Source material
• • •

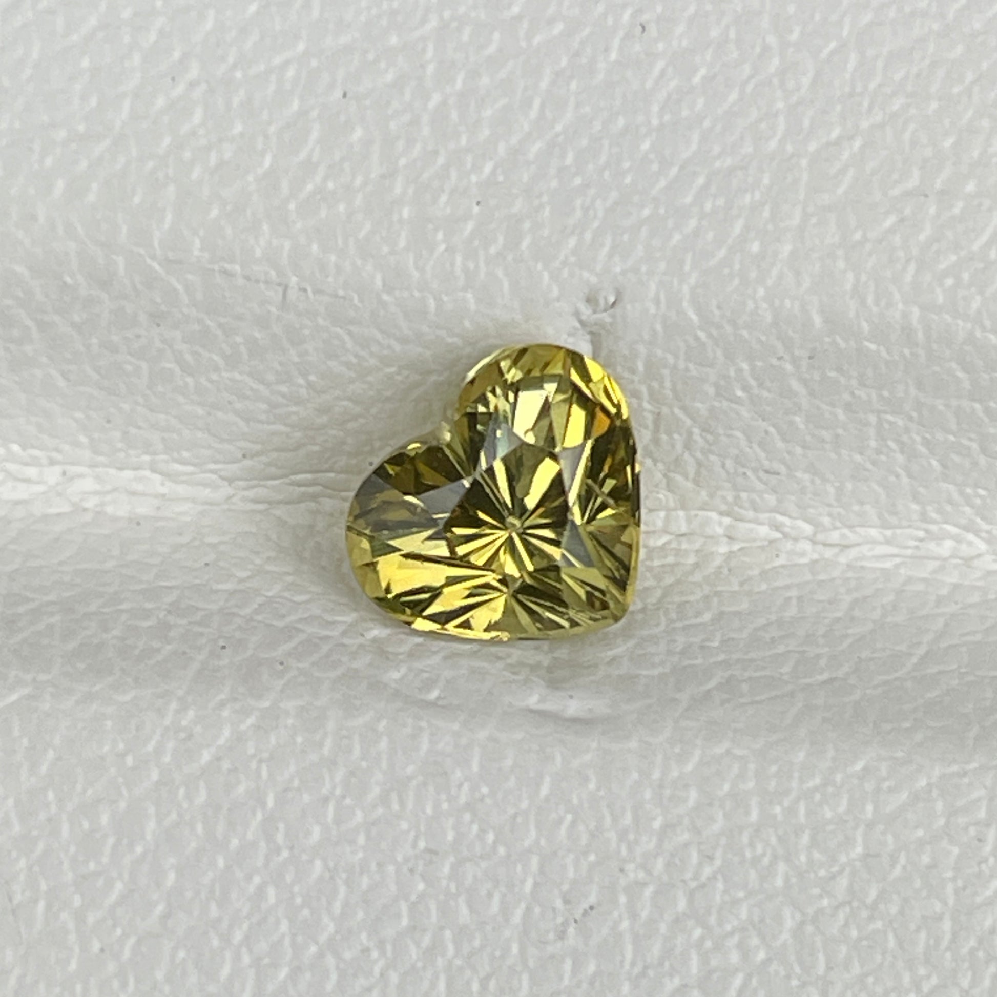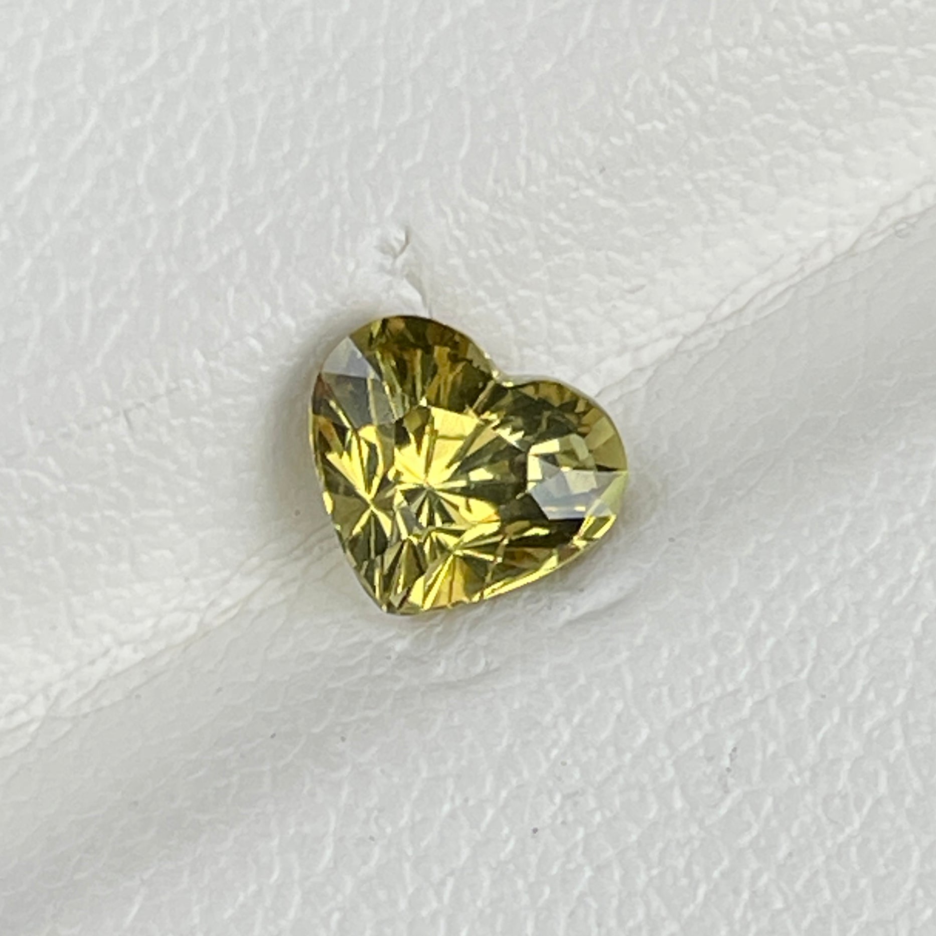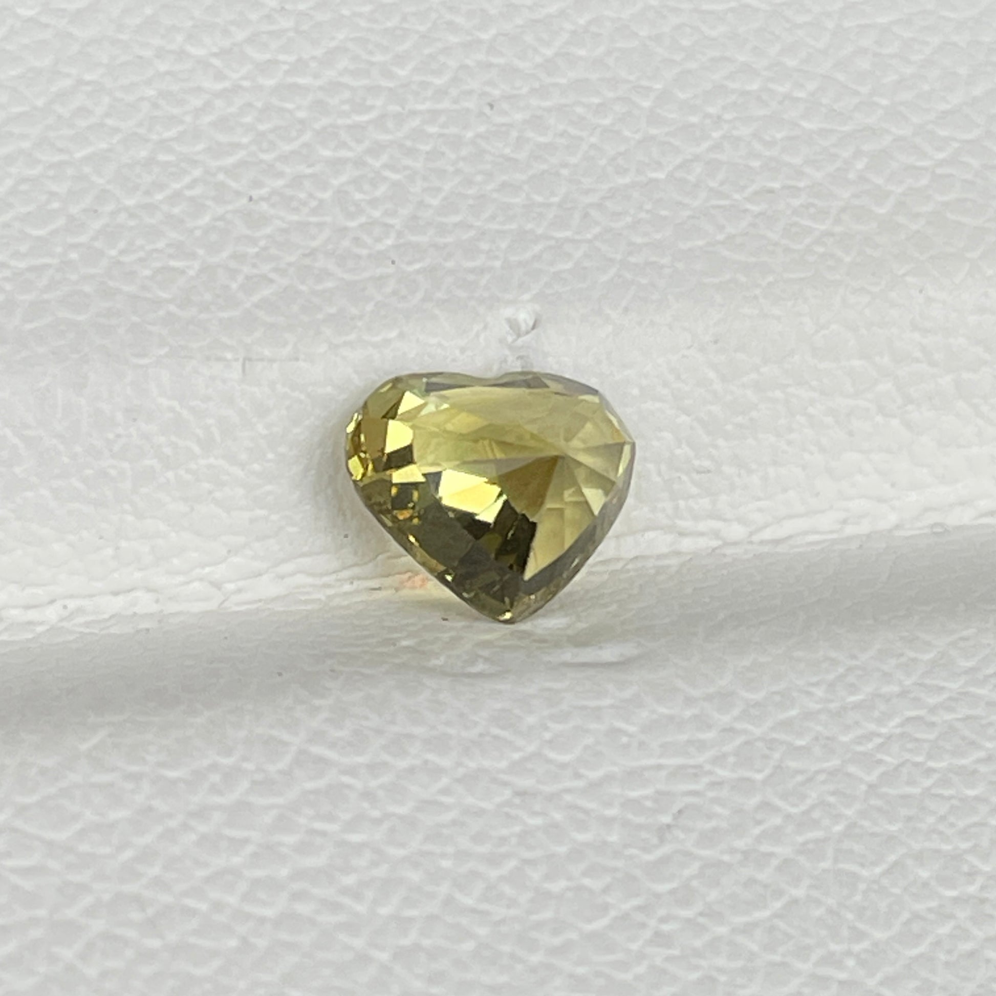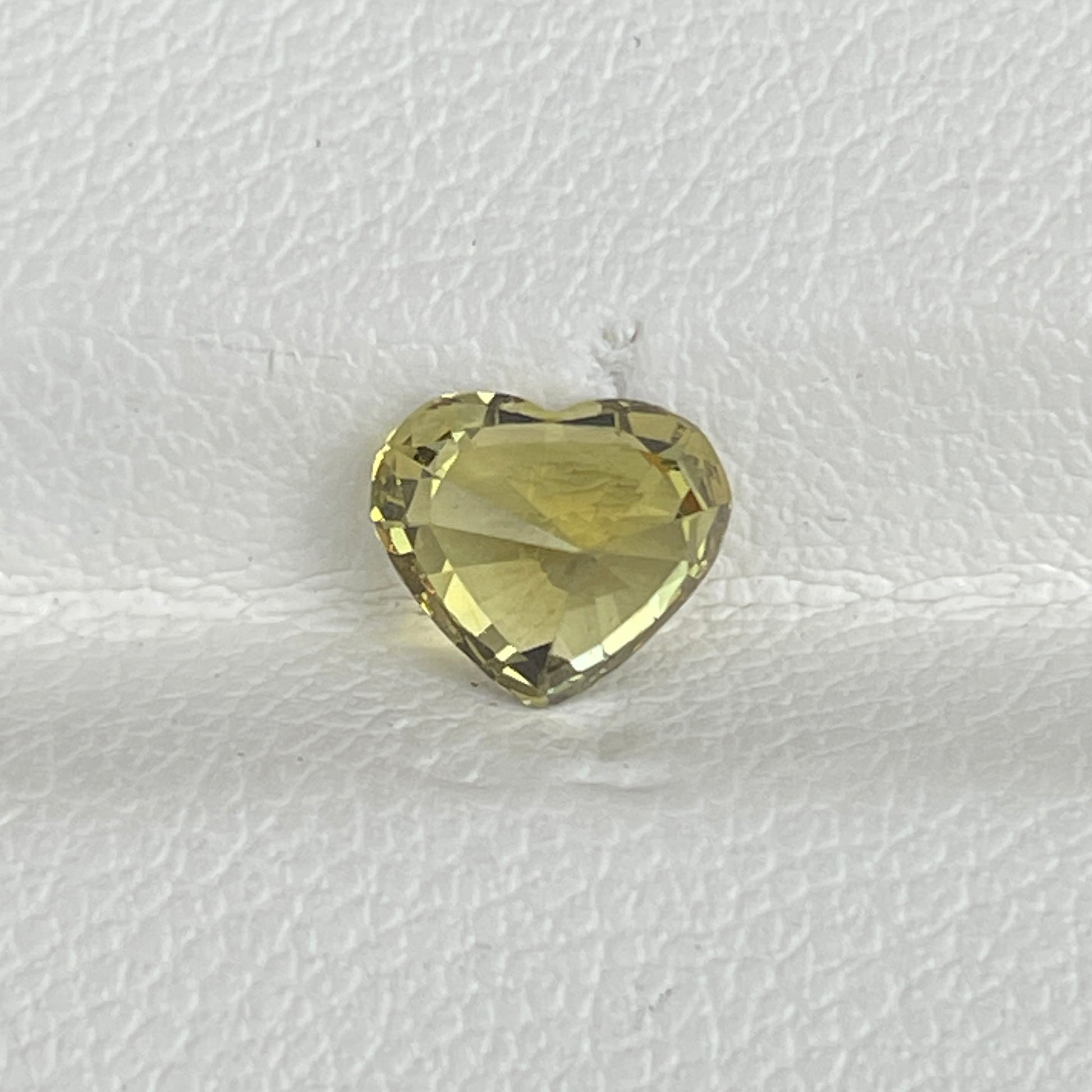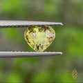A delightful heart-shaped Yellow Chrysoberyl from Sri Lanka, featuring a bright yellow hue, VS clarity, and a sparkling luster. Its unheated nature enhances its natural beauty, making it a perfect choice for romantic or statement jewelry.
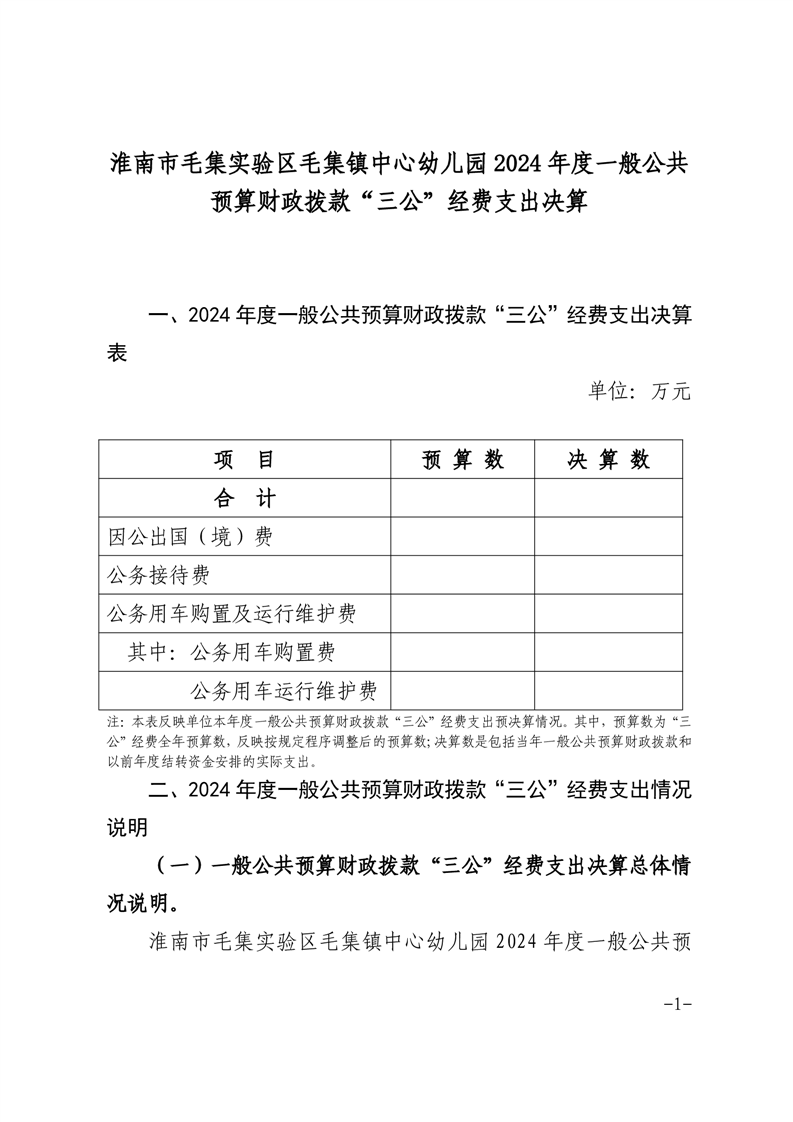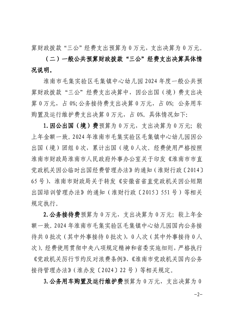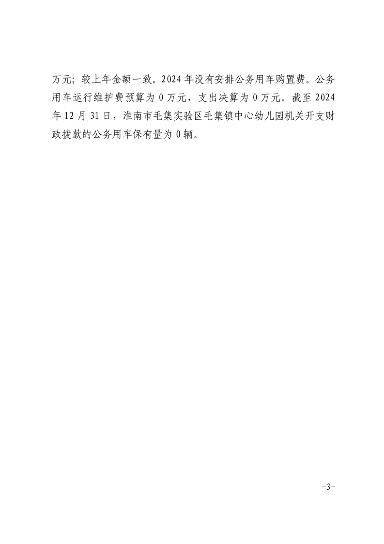 淮南市毛集实验区毛集镇中心幼儿园2024年度一般公共预算财政拨款“三公”经费支出决算
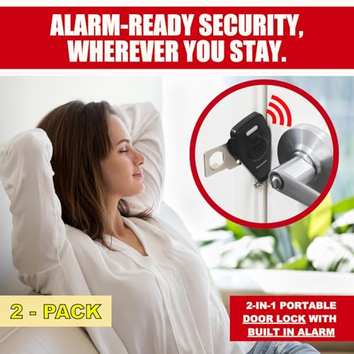 Securityman Portable Door Lock with Alarm (2 Pack) | Hotel Door Locks for Travelers Security | Loud 130dB Door Security Device for Hotel Room, Apartment Home, & Travel Safety Inside
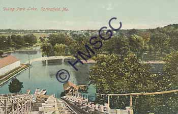 Accession Number:2001-289 Accession Date: Condition:good Location:archives, photo collection, parks,box 1, folder 13 Keywords:Doling Park, lake, chutes, postcard Area of Origin:Springfield, MO Period:ca 1908 Category:documentary artifact Object:print, postcard Maker: Description/History:A hand-tinted postcard photo of the lake at Doling Park. The view is taken from the top of the chutes. News-Leader Photo Information:

• • •

Exercise requirements
Leave the pictures out and output exactly the lines above, from the start of the listing through the line with "淮南市毛集实验区毛集镇中心幼".

Answer to this task
A delightful heart-shaped Yellow Chrysoberyl from Sri Lanka, featuring a bright yellow hue, VS clarity, and a sparkling luster. Its unheated nature enhances its natural beauty, making it a perfect choice for romantic or statement jewelry.
 淮南市毛集实验区毛集镇中心幼儿园2024年度一般公共预算财政拨款“三公”经费支出决算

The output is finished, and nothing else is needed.